• **Your objective**
From the entries below, print exactly the span beginning with the line holding "Phụ kiện tủ" and ending with the line holding "При крушении самолета", endpoints included, and skip any pictures.

*** Opening of Provided data ***

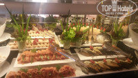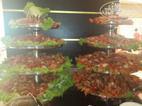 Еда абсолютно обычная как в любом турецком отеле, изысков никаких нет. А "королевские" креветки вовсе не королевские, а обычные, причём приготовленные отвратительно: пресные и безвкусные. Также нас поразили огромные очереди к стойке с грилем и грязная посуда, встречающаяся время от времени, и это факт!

*** Close of Provided data ***
*** Opening of Provided data ***

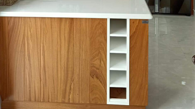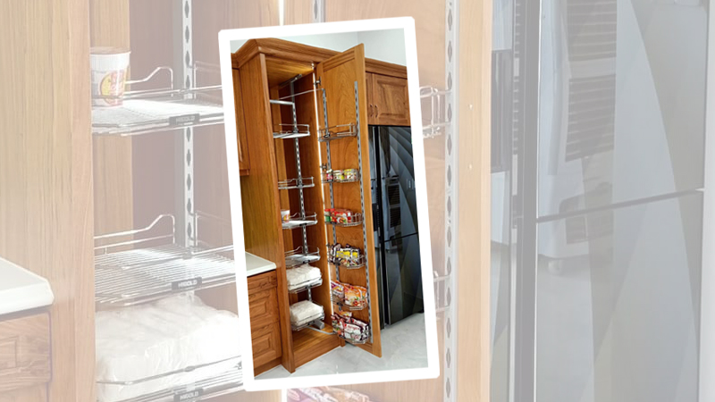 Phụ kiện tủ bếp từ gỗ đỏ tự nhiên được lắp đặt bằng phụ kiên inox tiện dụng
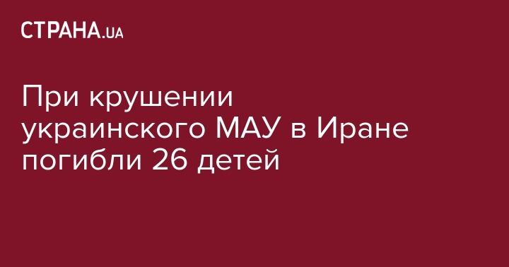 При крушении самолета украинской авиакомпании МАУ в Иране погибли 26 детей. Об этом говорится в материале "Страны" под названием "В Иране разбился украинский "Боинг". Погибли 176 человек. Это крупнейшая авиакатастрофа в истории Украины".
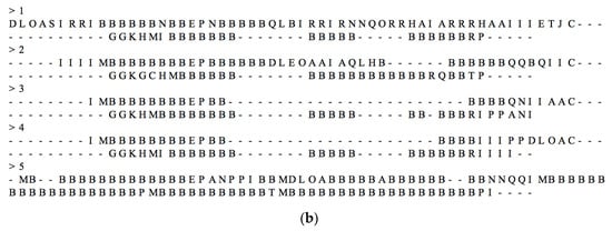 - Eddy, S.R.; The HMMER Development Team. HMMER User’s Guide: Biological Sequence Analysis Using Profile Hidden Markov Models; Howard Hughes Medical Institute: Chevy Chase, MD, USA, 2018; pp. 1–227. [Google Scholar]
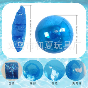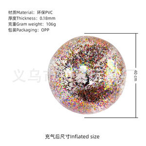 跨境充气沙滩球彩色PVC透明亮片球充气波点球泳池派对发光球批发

*** Close of Provided data ***

• **The completed task**
 Phụ kiện tủ bếp từ gỗ đỏ tự nhiên được lắp đặt bằng phụ kiên inox tiện dụng
 При крушении самолета украинской авиакомпании МАУ в Иране погибли 26 детей. Об этом говорится в материале "Страны" под названием "В Иране разбился украинский "Боинг". Погибли 176 человек. Это крупнейшая авиакатастрофа в истории Украины".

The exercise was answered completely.